Indeed, in the PLO’s 1988 declaration of independence in Algiers, it recognized Israel’s right to self-determination. Arafat and current PLO leader Abbas have made clear on a number of occasions that they recognize Israel’s right to exist in peace and security and that its definition as a Jewish state is an internal state matter. On several occasions, Palestinian senior officials asked me: "Why do you demand that we recognize Israel as the homeland of the Jews, while your own parliament never anchored that in the law?" But now, with the Knesset anchoring this definition in the form of a basic law, all that is left for the Palestinians is to simply recognize the State of Israel. This they already fulfilled long ago.

This diplomatic twist of events is one side of the story. The other side is the image of Israel. The exclusion of the Arab minority and of members of the Druze community from the Israeli collective distance them from their Israeli identity. The Nationality Law brings them closer to Palestinian residents of the West Bank, the Gaza Strip and East Jerusalem. From the very moment the Knesset adopted the law, both these communities turned into second-class citizens. More than 50 years of occupation of Palestinian territory have not divided Israeli society the way the legislation risks doing. Overnight, Israeli Druze soldiers and Circassian police officers, who take part in the dirty work of the Shin Bet security agency and the humiliation of Palestinians at army roadblocks, have been ostracized. As Israeli-Arab retired Supreme Court Justice Salim Joubran put it, “We have been turned into a subgroup.”

For years, the Palestinians and opponents of Zionism have claimed that a state that refuses to define itself as a state of all its people is not a democracy. Now they can claim that Israel does not recognize the principle of equality. Even President Reuven Rivlin and 55 Knesset opponents of the law, among them Likud Knesset member Benny Begin, the son of the first Likud prime minister, believe the legislation undermines the delicate balance between the pillars of democracy and Jewish identity. A July 30 Haaretz editorial said the vote on the law drew Israel’s current political fault lines: “The discrimination camp versus the equality camp; the supporters of apartheid against the supporters of democracy."
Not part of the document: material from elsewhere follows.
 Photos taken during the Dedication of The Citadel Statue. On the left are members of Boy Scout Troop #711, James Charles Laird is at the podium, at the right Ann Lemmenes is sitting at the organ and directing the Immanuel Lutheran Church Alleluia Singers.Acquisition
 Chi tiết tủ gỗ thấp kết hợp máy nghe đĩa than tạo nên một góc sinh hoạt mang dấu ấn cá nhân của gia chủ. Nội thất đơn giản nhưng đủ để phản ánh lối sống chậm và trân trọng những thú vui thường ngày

The 312 words of the controversial Nationality Law,caused more damage to the state that prides itself on being “the only democracy in the Middle East” than all the Palestinian Authority incitement reports, testimony by members of the Israeli anti-occupation Breaking the Silence organization and monitoring by human rights groups such as B’Tselem, Yesh Din and Peace Now put together.

Artists, former senior police and army officers and other Israelis are expected to demonstrate against the law this weekend on the night of Aug. 4 and to call for the law to be replaced by the text of the 1948 Declaration of Independence. The law, designed to strengthen the affinity of diaspora Jewry to the “homeland of the Jewish people,” has had the exact opposite impact. A group of American Jewish organizations, among them those affiliated with mainstream Judaism, issued statements and wrote articles condemning the law and demanding its amendment.
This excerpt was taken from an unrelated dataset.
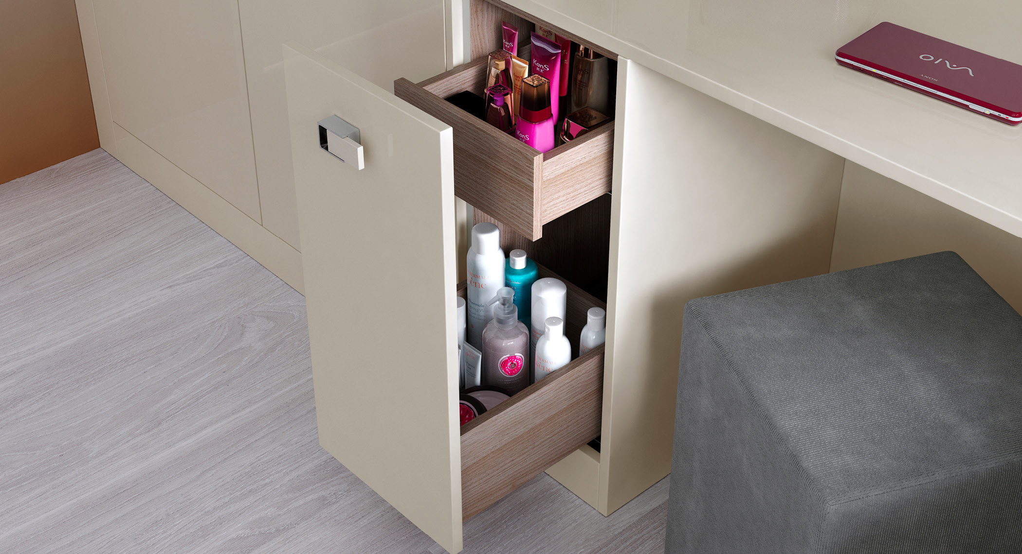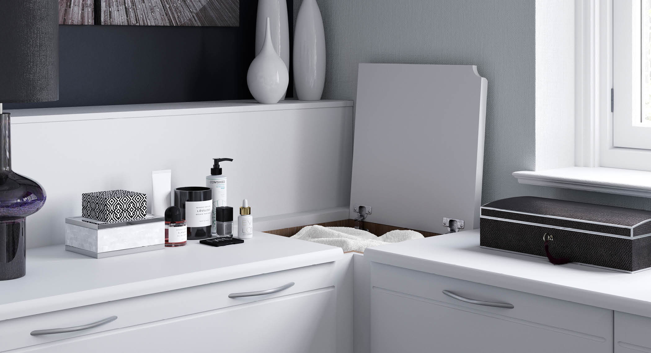 Unique to Hammonds, this concealed cosmetic drawer has room for all your beauty essentials – ensuring surfaces stay beautifully clutter-free.
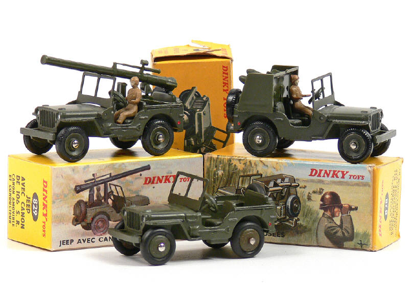 DINKY TOYS (FRANCE) 829 JEEP WILLYS Porte-canon kaki

Shortly after the law was approved, PLO Secretary-General Saeb Erekat was quick to convene a joint news conference with Knesset member Yousef Jabareen of the Israeli-Arab Hadash Party. Erekat said the Palestinian leadership would ask the UN General Assembly to take action against Israel. He threatened that the PLO would complain to the International Criminal Court in The Hague and argue that the Nationality Law contravenes the principles of the 1947 UN General Assembly Resolution 181 for the partition of Palestine, according to which the future Jewish state and Palestinian state would establish democratic constitutions, ensuring equality for all their inhabitants.

But instead of reacting sourly, the Palestinians should send Netanyahu and his supporters on the right a bouquet of flowers, thanking Israel for the generous gift that was given to them — both on the diplomatic front and on the propaganda field.